→ **WORK ORDER**
Return verbatim the lines that run from the one holding "Листівка-конверт для грошей" to the end of the listing, both ends included, without the pictures.

→ **MATERIAL PROVIDED**
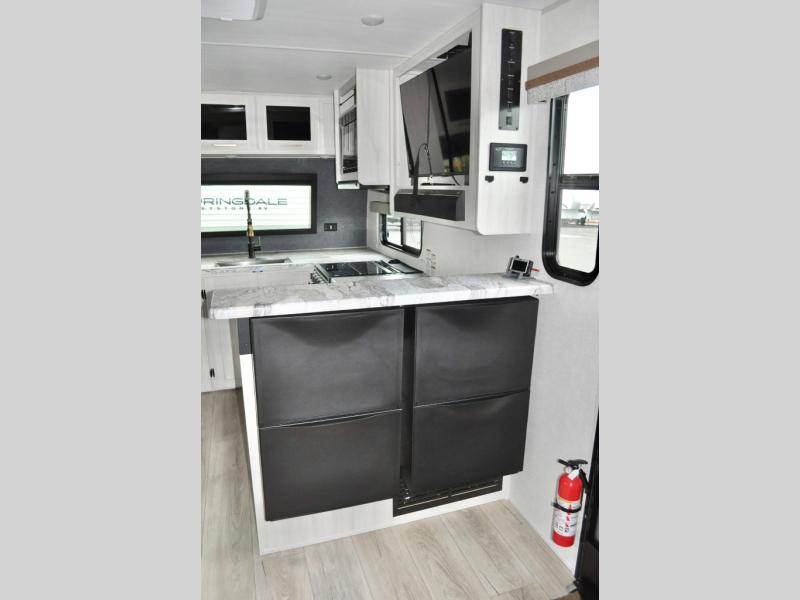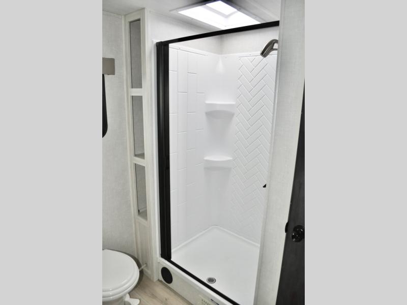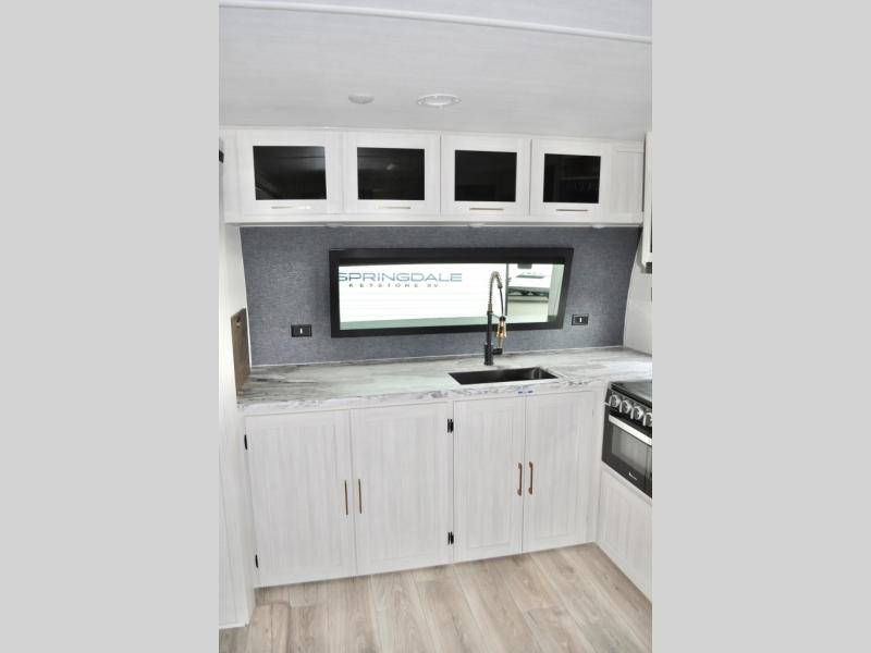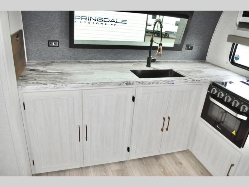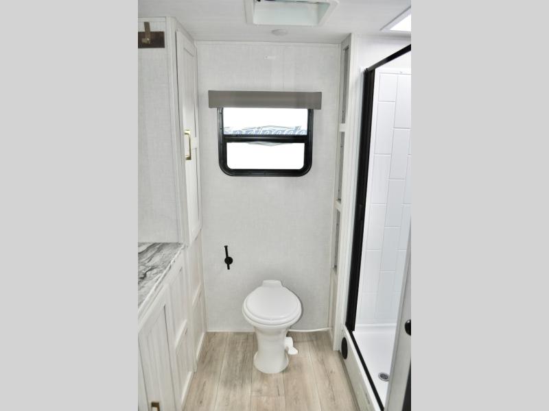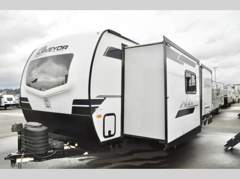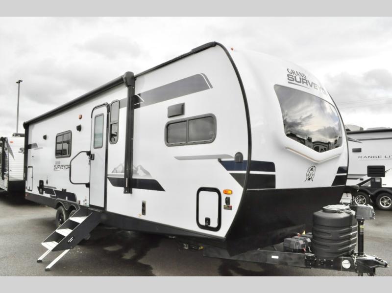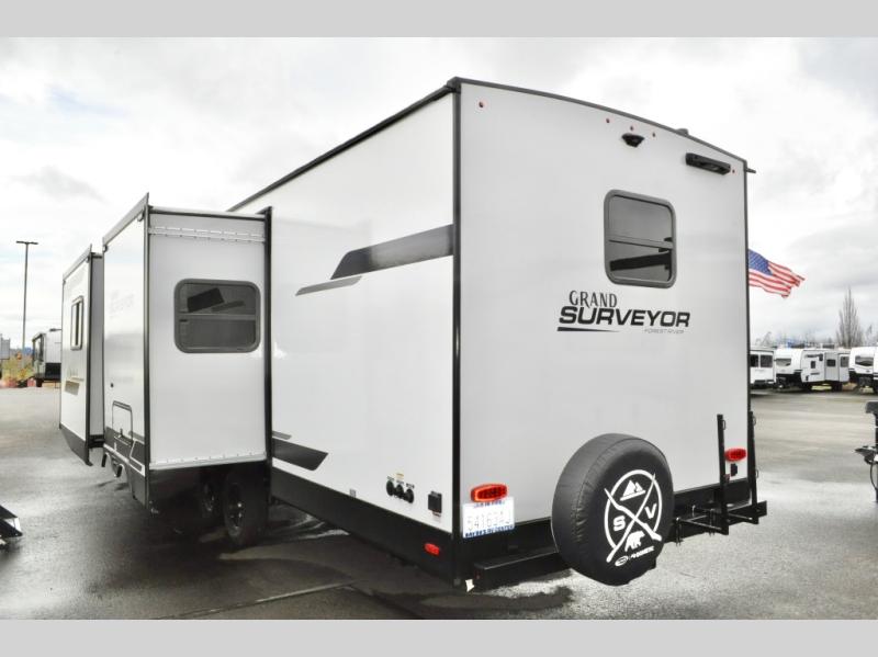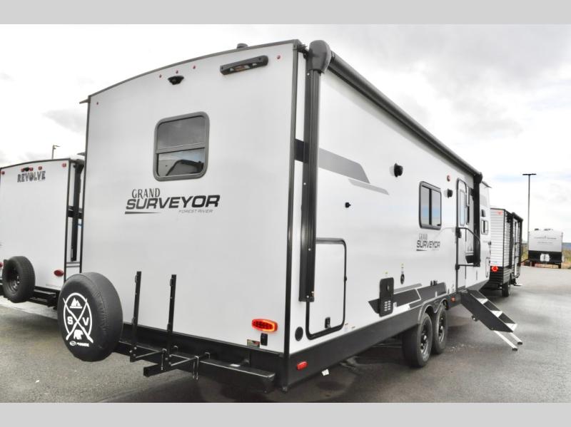 With any Grand Surveyor travel trailer by Forest River you will enjoy turn-key ready-to-go features and quality construction! Each model includes Azdel composite walls and a gel coated fiberglass front cap with an automotive style tinted windshield for a sleek look. There are friction hinge black glass entry door(s), an adjustable platform step with a night light, plus Goodyear tires and a power tongue jack for easy towing. The interior will have you feeling right at home with roller shades, residential faucets, sinks, and bathroom vanity, plus Surf(x) seamless countertops throughout. You can also plan for adventure with a 2" rear accessory and exterior spray port, and there are slam latch exterior baggage doors throughout to keep all your gear secure. Other stand-out features include a central vacuum system, a 200 watt solar panel with a 30 amp controller, a tankless water heater, carpet-free interiors, and the list goes on!
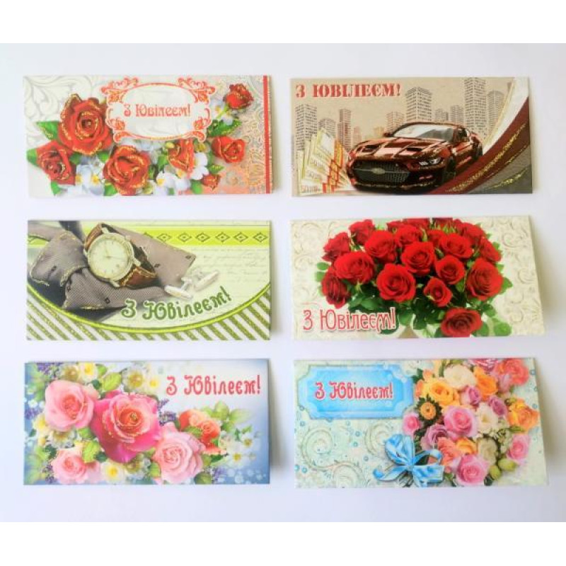 Листівка-конверт для грошей "Etude line" Ювілей, мікс видів, 17*8,5см
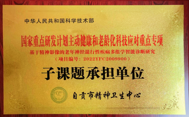 11月8日,在四川大学华西医院举办的国家重点研发计划项目启动会授牌仪式上,我院获国家重点研发计划主动健康和老龄化科技应对重点专项“基于精神影像的老年神经退行性疾病多组学智能诊断研究”子课题承担单位授牌。

→ **TASK SOLUTION**
 Листівка-конверт для грошей "Etude line" Ювілей, мікс видів, 17*8,5см
 11月8日,在四川大学华西医院举办的国家重点研发计划项目启动会授牌仪式上,我院获国家重点研发计划主动健康和老龄化科技应对重点专项“基于精神影像的老年神经退行性疾病多组学智能诊断研究”子课题承担单位授牌。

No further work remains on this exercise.